Three alternative revenue streams that show promise for publishers in a post-COVID world

Three alternative revenue streams that show promise for publishers in a post-COVID world

Despite all the challenges, 2020 has had some bright spots for publishers. Subscriptions have almost universally boomed, and traffic to sites has hit record highs as audiences turn to publishers for vital information – or as a distraction from – the pandemic.

Publishers have not rested on their laurels, but instead have come up with ways to engage new and existing audiences. In fact, nearly three in four publishers have created new content products in direct response to COVID-19, according to a survey by Brand United and Publishing Executive.

But beyond the obvious ways of making money, there have been some alternative revenue streams that have grown and evolved during lockdown. Here, we take a look at three of the most common, and importantly, what the outlook is for publishers looking to develop them into a post-pandemic world.

Digital editions

In March, with supermarkets only open for essential items and postal services disrupted, many publishers with print magazines had to put contingency plans in place to be able to get copies to customers. Some, like The Week Junior, made digital copies of their magazines available to subscribers in order to have a ‘backup’ to the print magazine.

Although the print magazine is still first and foremost for The Week Junior, they still have around 3,000 people looking at the digital edition each month. Editor in Chief Anna Bassi said that this means if children are able to go on holiday, “they could still get their Week Junior while they’re away.”

Another publisher seeing success with a digital edition is Stylist magazine. Stylist were already planning an app edition, but accelerated their plans as lockdown put a stop to distributing the free weekly magazine in UK cities. They continued producing a weekly digital version, with individual issues or a variety of subscription options available to purchase in the app.

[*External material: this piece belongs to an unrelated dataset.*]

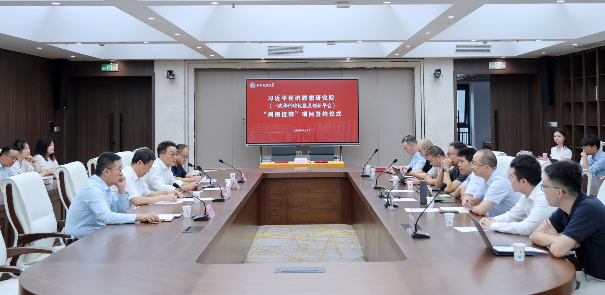 9月5日上午,习近平经济思想研究院在柳林校区诚正楼324会议室举行项目签约仪式,“揭榜挂帅”首批项目正式立项。学校党委常委、副校长、研究院院长王擎出席活动并致辞,研究院执行院长贾晋主持仪式,西南财经大学出版社和首批四个项目团队负责人、联络员参加仪式。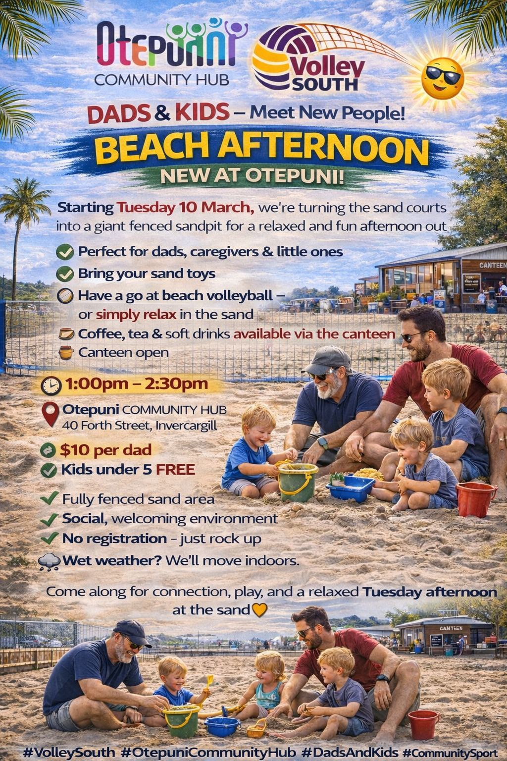 π¨βπ§βπ¦ DADS & KIDS (Under 5) β Meet New People!π BEACH AFTERNOON β NEW AT OTEPUNI!Starting Tuesday 10 March, weβre turning the sand courts into a giant fenced sandpit for a relaxed and fun afternoon out.

The digital subscription has been such a successful move for Stylist that CEO Ella Dolphin recently said that the magazine “will not go back to being a free title”. Its print version returned in early October as a monthly issue, available via subscription or Ocado delivery.

While it is difficult to assess how long-lasting the surge in interest in digital magazines will last, the effects of the pandemic have gone on long enough to establish patterns in user behaviour. Now it is up to publishers to ensure their content is engaging enough to command loyalty when life starts getting back to normal.

Virtual events

Much has been written about publishing’s pivot to virtual events. But as consumers warm up to the idea of paying for digital ‘tickets’ and event organisers get smarter with their offerings, virtual events are proving to be a solid revenue stream.

The biggest benefit to virtual events is that anyone can attend from anywhere in the world. This opens the reach of the event up, meaning that publishers can either offer a scaled proposition to advertisers, or sell more tickets than they could if it was a physical event – even if prices are lower.

The FT are one example of a publisher seeing success with both advertisers and audiences. Their virtual event The Global Boardroom was spun up very quickly during lockdown, and with 110 speakers, it attracted 52,000 registrations from around the world. This scale, and the analytics capabilities of their event software, has been a key selling point for sponsors.

For the second edition of The Global Boardroom, coming up in November, the publisher is taking a freemium approach to ticketing. There is a free pass available which gives access to talks, Q&As and polls. There are then two paid options; a $65 pass which gives on-demand access to talks and summary reports, then a top-tier ‘Professional Pass’ which adds 1-1 networking, exclusive access to extra sessions, and a business community area.

But virtual events show promise beyond global scale and ticket revenue. Of the 52,000 people the FT had attending their first event, three-quarters were completely new to them. This in turn provides a valuable opportunity to feed their subscription pipeline, and promote other FT work to them.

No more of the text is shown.